Cream oil with condensed milk is athe most popular stuffing for home cakes and pastries. Despite the calorie content of such a product, it is loved by both adults and children. And this is due to the fact that the self-made cream with condensed milk turns out to be very sweet, delicious and tender. In order to see for yourself, we present to your attention its step-by-step method of preparation.
To make such a filling for cakes or cake, you need to purchase the following components:
Cream oil with condensed milk has a brightthe expressed taste of whole condensed milk. That is why it is so fond of sweet tooth. To prepare such an air filling for a cake, it is necessary to remove fresh butter from the refrigerator or freezer in advance, and then as much as possible thaw it at room temperature (in no case heat or melt!). After that, the soft cooking oil should be put in a deep bowl and beat well with a blender. It is worth mentioning that the butter cream with condensed milk will be much tastier if the carefully mixed creamy product becomes as lush and homogeneous as possible.

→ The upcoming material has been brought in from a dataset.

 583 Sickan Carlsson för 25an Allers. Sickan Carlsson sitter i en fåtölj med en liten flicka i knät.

After the oil is well beaten, to himit is necessary to pour a small amount of vanillin (a couple of small snacks) and pour in thick thickened milk. In such a composition, the ingredients should be mixed using a mixer or the same blender. This cream oil and condensed milk is considered completely ready, and it can be safely used to lubricate the cakes or make delicious cakes.
In addition to the presented filling, a specialpopular in cooking and enjoys one that is made on the basis of butter with the addition of eggs and sugar syrup. To understand exactly how this confectionery product is being prepared, let's present its detailed recipe.

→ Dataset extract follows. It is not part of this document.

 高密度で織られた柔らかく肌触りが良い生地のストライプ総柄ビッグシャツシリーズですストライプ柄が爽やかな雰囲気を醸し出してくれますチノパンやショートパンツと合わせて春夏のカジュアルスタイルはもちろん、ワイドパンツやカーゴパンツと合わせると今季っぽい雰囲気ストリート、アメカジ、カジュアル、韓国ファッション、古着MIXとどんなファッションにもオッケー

Such a sweet and delicious product, like the previous one, can be safely used for making biscuit and sand cakes, cakes. For this we may need the following components:
Use the ready-made stuffing for confectionery products immediately after its preparation.
Protein-and-oil cream uses a hugepopular with modern confectioners. Such a demand for a sweet filling is due to the fact that it is very easy to work with. After all, to this cream you can fearlessly add various flavors, paint it in any colors or even freeze, if there is a need.
So, to prepare an oil cream on proteins, you need to purchase the following components:
That such cream has turned out tasty and gentle,it should be 5-8 hours before its preparation to get the butter from the refrigerating chamber (or freezing) and it is good to thaw it at room temperature. Then the softened cooking oil is required to whiten so that, as a result, the oily mass has acquired the consistency of thick sour cream. After that, egg whites should be combined with granulated sugar, and then put them on a water bath and whip with a mixer (at maximum speed) until a lush and thick foundation is obtained. In the end, the resulting mass should be removed from the plate and, while stirring, allow it to cool slightly.
After the done actions in chilled proteinsit is required to gradually introduce butter (along a dessert spoon), without interrupting the cream with a mixer for a second. Next, in the finished stuffing, you need to pour a couple of large spoons of liquor, mix everything thoroughly and allow to cool before directly lubricating the cake for cake or cakes.